## Description of the task:
From the first line to the last, transcribe the data exactly and skip the pictures.

## Information shown:
<<<<

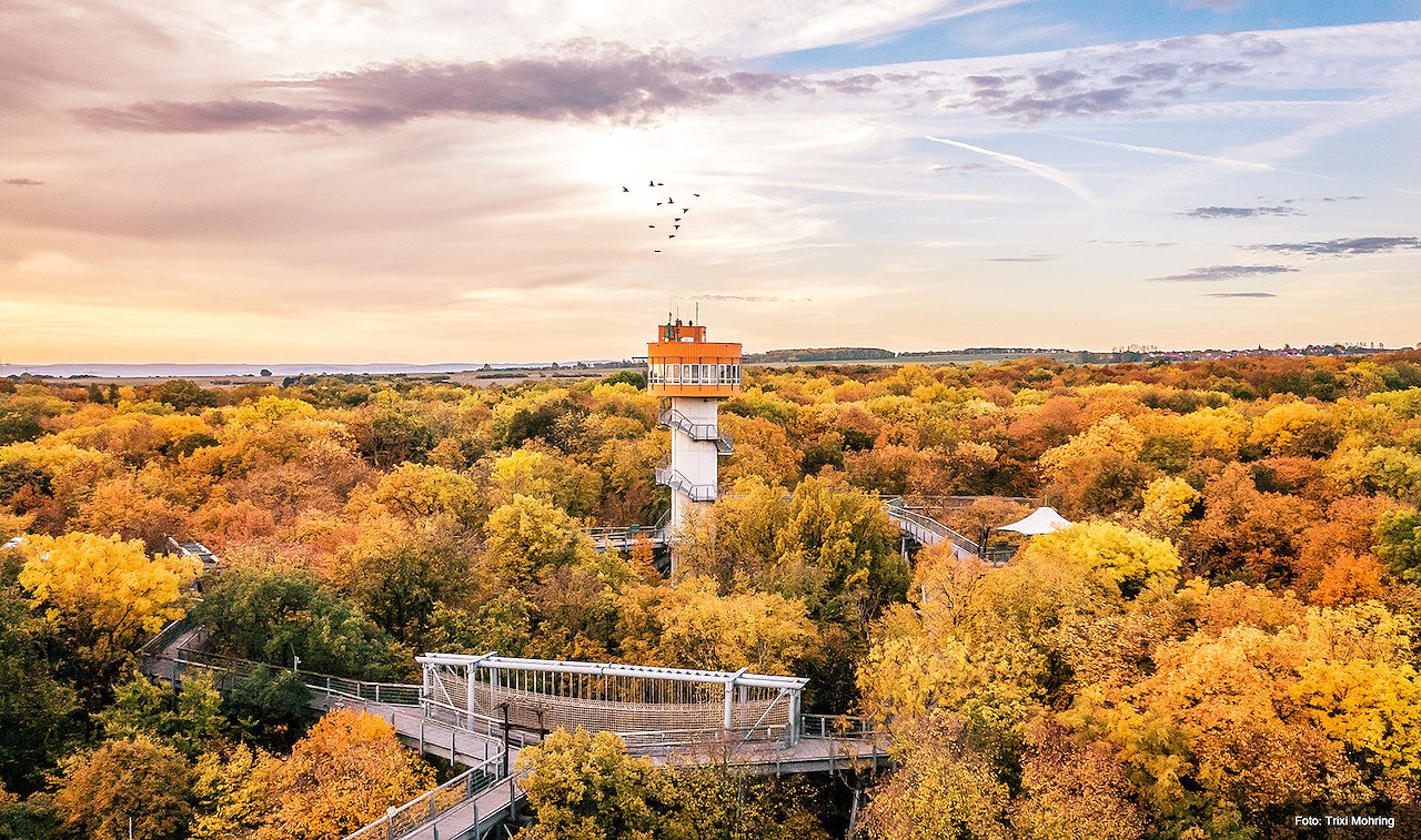 Die herbstliche Farbenpracht des Nationalparks Hainich lässt sich vom Baumkronenpfad aus am besten bestaunen. (Foto: © Trixi Mohring)
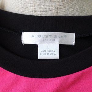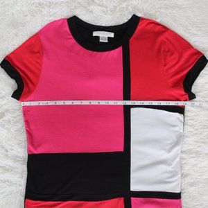 August Silk mondrian color block, short sleeve tee shirt in red, pink, and white. Crew neckline with black trim along neckline and sleeves, the shirt is comfortable with stretchy material. Size Large.
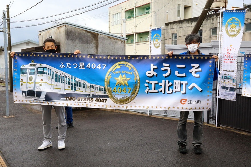 〔 ふたつ星4047 江北駅での歓迎! 西九州新幹線開業にあわせて肥前山口駅から改称! R.4. 11. 23 撮影 〕

>>>>

## Response to the task:
 Die herbstliche Farbenpracht des Nationalparks Hainich lässt sich vom Baumkronenpfad aus am besten bestaunen. (Foto: © Trixi Mohring)
 August Silk mondrian color block, short sleeve tee shirt in red, pink, and white. Crew neckline with black trim along neckline and sleeves, the shirt is comfortable with stretchy material. Size Large.
 〔 ふたつ星4047 江北駅での歓迎! 西九州新幹線開業にあわせて肥前山口駅から改称! R.4. 11. 23 撮影 〕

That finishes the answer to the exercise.